Kong: Skull Island takes the daddy of all monster movies and reimagines it as a Vietnam war drama.
Set in 1973, references to Apocalypse Now are thrown around so liberally it makes you wonder if director Jordan Vogt-Roberts’ (whose only previous feature film is the coming-of-age indie film The Kings of Summer) wanted to make a King Kong movie at all. He lovingly recreates the scene from Apocalypse Now in which helicopters are silhouetted against a bloated equatorial sun; Kong looms behind napalm fire; a crazy old man lives among a silent jungle tribe; there’s even a character called Captain Conrad.
It sound terrible, but there’s a skewed genius to this unlikely mash-up, a simple joy in seeing familiar imagery – King Kong laying eyes on his human love, for instance – in a new, if rather silly, setting.
This version of Kong, the third major remake of the 1933 film following 1976 and 2005 versions, is part of Legendary Pictures' nascent monster “universe” introduced in 2014’s Godzilla reboot. This time, four decades before those events, satellite images have emerged of a mysterious, skull-shaped island, spurring John Goodman’s monster scholar Bill Randa to pull together a crack team of mercenaries and nerds to pillage its secrets before the commies get wind of it.
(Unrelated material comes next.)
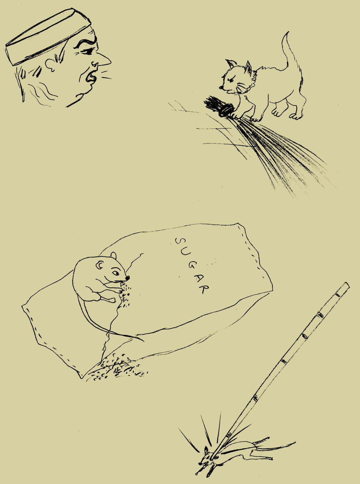 The story does not end here. One day the son spotted a rat in a corner of his shop. It was gnawing at one corner of a gunny bag containing sugar. The son took a broom and hit the rat. It scampered away squealing, “Ouch, don’t hit me, my son! It is I, your father….” The son swept the wriggling reptile out of the shop. The next day the son saw a rat nibbling at the corner of a bag of rice; somehow he was quite sure that it was the same rat that he had thrown out yesterday. And he was right! The poor rat (father) got a sound thrashing with the broom! For days it hovered around the shop; his dearly beloved shop! How he wanted to go in there, but he could not dare to for he had already had two sound thrashings!
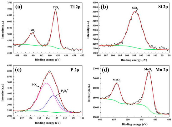 Since XRD is only able detect the existence of the crystals, we collected high-resolution XPS spectra of Ti, O, Si, P and Mn elements to confirm the chemical state of the elements in the coatings. The XPS spectra of the MAO coatings at KMnO4 concentration of 3.2 g/L are presented in Figure 7. As shown in Figure 7a, the peak of Ti2p at 458.7 eV was separately related with TiO2. In Figure 7b the spectrum of element Si2p exhibited one peak at 102.8 eV, suggesting that Si appeared in the tetravalent state Si4+, which was further explained by the fact that Si exists in the coating mainly in the form of SiO2 [16]. The P2p peak was well fitted at 134.1 eV and 133.3 eV in Figure 7c, which can be attributed to PO3− and P2O74− [16,17,18,19]. The P2O74− could combine with Na+ to form Na4P2O7, and this conclusion is in good agreement with Hou’s report [19]. The spectrum of element Mn2p exhibited apeak at 642.4 eV (Figure 7d), implying that the Mn element existed in the form of MnO2 in the coatings [20].

What they find is an oversized menagerie of spiders and water-buffalo and dinosaurs, all ruled by a furious gorilla the size of a skyscraper. Short of dropping Kong into Moscow, he’s probably not going to win the Cold War.
What follows is essentially a cautionary tale about attempting to dominate nature through brute force, much as Apocalypse Now warned of trying to assert an ideology through bombs and bullets. The characters are all archetypes: the plucky photographer, the steely bushman, the jittery soldier, the unhinged commander. Samuel L Jackson is brilliantly hammy as an old dog of war who can’t bear the thought of returning home, setting his sights on the ultimate enemy: a 100ft gorilla. Tom Hiddleston and Brie Larson, meanwhile, are mostly eye candy, but fulfil that role with panache.
Tonally Vogt-Roberts borrows from the Jurassic Park franchise, with the serious message offset by deadpan quips (“mark my words, there will never be a more screwed up time in Washington”) and visual gags (a man tumbling into the maw of a giant creature, cutting to someone biting down on a bacon sandwich).
Counter-intuitively (or, come to think of it, perhaps inevitably), the least interesting parts are when Kong stops batting down helicopters and starts scrapping with his other mortal enemies, a bunch of giant lizards who killed his mum and dad. While the CGI is generally excellent, there’s nothing new to these loud, splashy battles, which soon blur into one forgettable tangle of teeth and limbs and fur.
That’s no deal-breaker, though – this is a smart, stylish blockbuster that doesn't take itself too seriously. It may wear it’s influence on its sleeve, but when that influence is Apocalypse Now, it's churlish to complain.